Against that backdrop, other lines remain in focus.
The BBC yesterday announced its China correspondent will be based in Taiwan from now on for his own safety, which makes a statement – yet US defence voices are wondering how long it will be before his next move might be required;
Note the BBC didn’t opt for Hong Kong. Because as Bloomberg says “Hong Kong Police Warn residents to Avoid Red Lines on Politics”, including the quote from a police officer “Do not tempt the law – it’s simple. A healthy attitude is to say ‘How can I be a responsible citizen and just make sure that I contribute to the overall harmony and peace and security of this place,’ rather than say ‘Hmm, let me see how far I can push this envelope, so that I can almost touch the red line, but you can’t touch me. This isn’t how we want to police Hong Kong.”;
There are reports of a Russian troop build-up on the border with Ukraine, which will see the EU respond with immediate mobilisation of a working group to decide on the voting system to be used in a committee that discusses the matter; and
The blockage of the Suez Canal has seen renewed interest in a building a Med-Red ‘Suez Canal 2’ along the Israel/Gaza/Egyptian borders – at least this time the plan isn’t to use nuclear weapons to do it. If the US now gets serious about its own Belt and Road Initiative, perhaps with US-sourced capital goods to build it, shipped on US-manned and flagged ships, then all this duplication of lines on maps will get even more interesting.
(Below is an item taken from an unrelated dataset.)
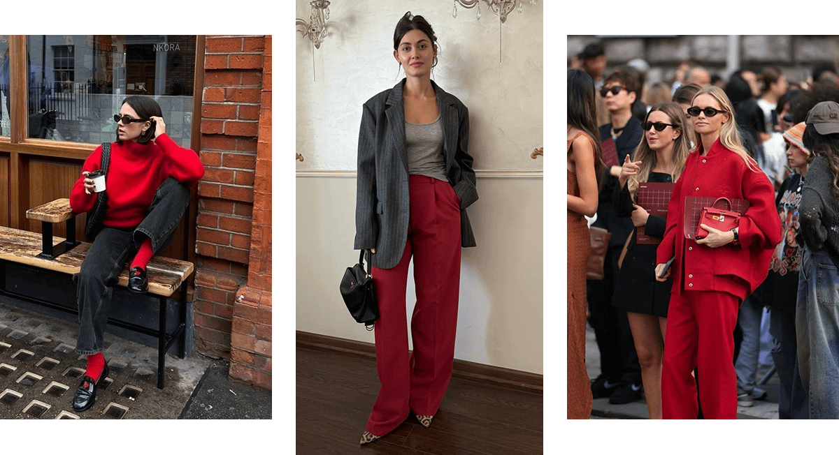Poppy Red — еще один оттенок, заслуживший внимание Pantone этой осенью. Несмотря на то, что маковый красный — сложный, он может стать частью повседневного гардероба. Например, если сочетать красный бомбер из шерсти или свитер свободного кроя с черными брюками. Или надеть серый костюмный пиджак и яркие брюки. В любом случае образ получится одновременно и ярким, и многофункциональным.

But back to (housing) markets to close. The RBNZ will be unhappy to see that Kiwi house prices rose 16.1% y/y in March, up from 14.5%. Why? Because now it’s openly their job to do something about it: what, exactly? Aussie house prices also went up 2.8% m/m in March, says CoreLogic, or 33% annualised, and investor home loans jumped 4.5% in the month vs. 9.4% the month prior. Yet we all know what the RBA are going to do about it: and it’s the total absence of any kind of plan at all.